Notes on modifications to support SystemMetadata Replication
--------------------------------------------------------------------------------------------
Waltz, Leinfelder, Jones
need separate CN method for creating science data's systemMetadata (without the data file itself)
CN.registerDataSystemMetadata(token, pid, systemMetadata...)
replication must produce copy of sytemMetadata of non available document..

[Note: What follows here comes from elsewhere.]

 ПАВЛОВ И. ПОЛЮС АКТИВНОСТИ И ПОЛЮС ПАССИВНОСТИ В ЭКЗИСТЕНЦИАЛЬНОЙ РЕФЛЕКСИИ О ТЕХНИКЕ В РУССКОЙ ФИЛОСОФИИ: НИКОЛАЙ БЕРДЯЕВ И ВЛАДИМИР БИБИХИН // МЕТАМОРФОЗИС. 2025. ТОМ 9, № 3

Made this CN.registerSystemMetadata(session, pid, sysmeta) -> boolean It is conceivable that there may be other object types we want to track besides data that will not be copied to the coordinating nodes. It is a POST to /meta
CN_crud.updateSystemMetadata(token, pid, systemMetadata) -> Types.Identifier
replaced by
CN_crud.updateReplicaMetadata(token, pid, Types.ReplicaMetadata) -> Types.Identifier
full replacement of ReplicaMetadata, changes date sysmeta modified
CN_crud.setAccessPolicy(token, pid, AccessPolicy) -> boolean
RE /access/pid (body containing token, AccessPolicy) -> boolean
- changes date sysmeta modified too
CN_crud.setReplicationPolicy(token, pid, ReplicationPolicy) -> boolean
REST API: PUT /replication/pid (body containing token, ReplicationPolicy) -> boolean
- changes date sysmeta modified too
This next method needs to be refactored
-----------------------------------------------------------
CN_store(?).setProvenance(token, pid, Provenance) -> boolean
obsoletes/obsoletedBy only changed by MN.update()
derivedFrom can be set in its own method, requires write access on the derived object (Hold off on this, no separate method for now)

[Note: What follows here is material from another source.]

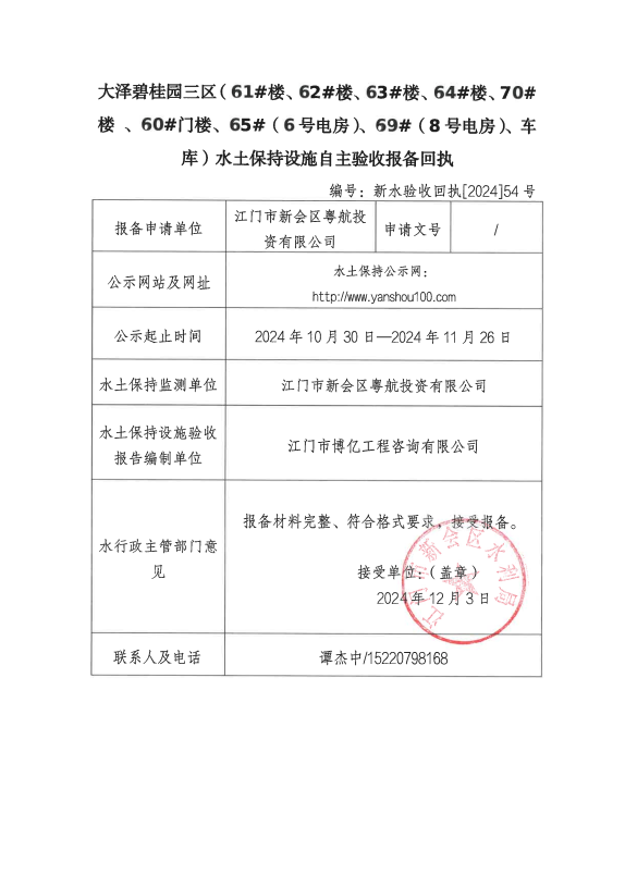 大泽碧桂园三区(61#楼、62#楼、63#楼、64#楼、70#楼、60#门楼、65#(6号电房)、69#(8号电房)、车库))水土保持设施自主验收报备回执

-- consider removing derivedFrom from Sysmeta until we can fully specify its use and meaning
CN.setDescribes()
describes can be set in its own method, but only with write access to described object and describing object
-- may want to relax the requirement later to allow third party annotations/perspectives/derivations on other people's data, but need to be able to differentiate the primary provider's description from these other descriptions
CN.setDescribedBy()
describedBy can be set in its own method, but only with write access to described object
Story: Want metacat to save all sysmeta in tables, and stop storing sysmeta as XML docs
Task: refactor metacat tables to potentially merge xml_documents, xml_revisions, identifiers, and systemmetadata if it make sense
Task: create tables for access control (exist), replica policy, replica status, provenance info
Task: modify all dataone & native services in metacat to no longer store sysmeta xml
Task: modify getSystemMetadata to return XML from sysmeta tables serialization
Task: modify replication docInfo to contain full sysmeta info, and copy into replicated sysmeta tables (including both sysmeta and identifiers tables)

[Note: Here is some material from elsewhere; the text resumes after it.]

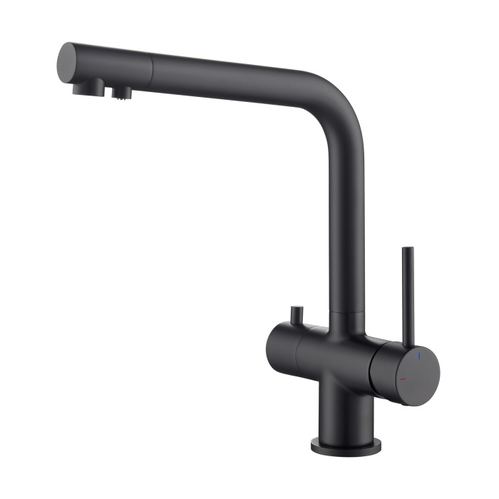 Смеситель Timo Saona 2396 с системой подключения фильтрованной воды относится к премиальному сегменту, предназначен для монтажа на кухонную мойку или столешницу. Высокий излив подходит для моек с двумя чашами, а также позволяет справляться с мытьем габаритной посуды. Удобное (вертикальное) расположение рычага смесителя в крайнем положении "холодный старт", позволяет не задевать ручкой за стеновые панели, фартук, предметы, которые находятся за смесителем. Картридж с функцией "холодный старт" работает в диапозоне 90 градусов, рычаг установленный в исходное положение (вертикально) при открытии подает только холодную воду, а не 50% холодной воды плюс 50% горячей, позволяя экономить до 30% расход горячей воды. В нижней части смесителя установлены 2 трубки с адаптером (можно подключиться к любой из них) для соединения с трубкой фильтра. Подача фильтрованной воды осуществляется поворотом ручки дивертора, расположенной слева на

Task: reduce write into the replication log into a singe operation after sysmeta table and document have been fully replicated
Task: find mechanism to replicate sysmeta info for data objects that do not exist on the CNMetacat but for which we have sysmeta
Story: Refactor the packager of the d1_synchronization in order to take advantage of new metacat systemMetadata storage capability.
Task. dissociate
Data that needs to be replicated
----------------------------------------------
A. Node Registry Service
- guaranteed consistency
B. ObjectFormat Service
- add only
- probably document oriented
C. Identity Service
- add only
- candidate replication: LDAP replication
D. Science Metadata
- add only
E. System Metadata (http://mule1.dataone.org/ArchitectureDocs-current/notes/sysmeta_mutation_20101217.html)
E.1 IdentityGroup
E.2 ObjectStatusGroup
E.3 PolicyGroup
E.4 ProvenanceGroup
F. Search indices (default might be to index locally instead)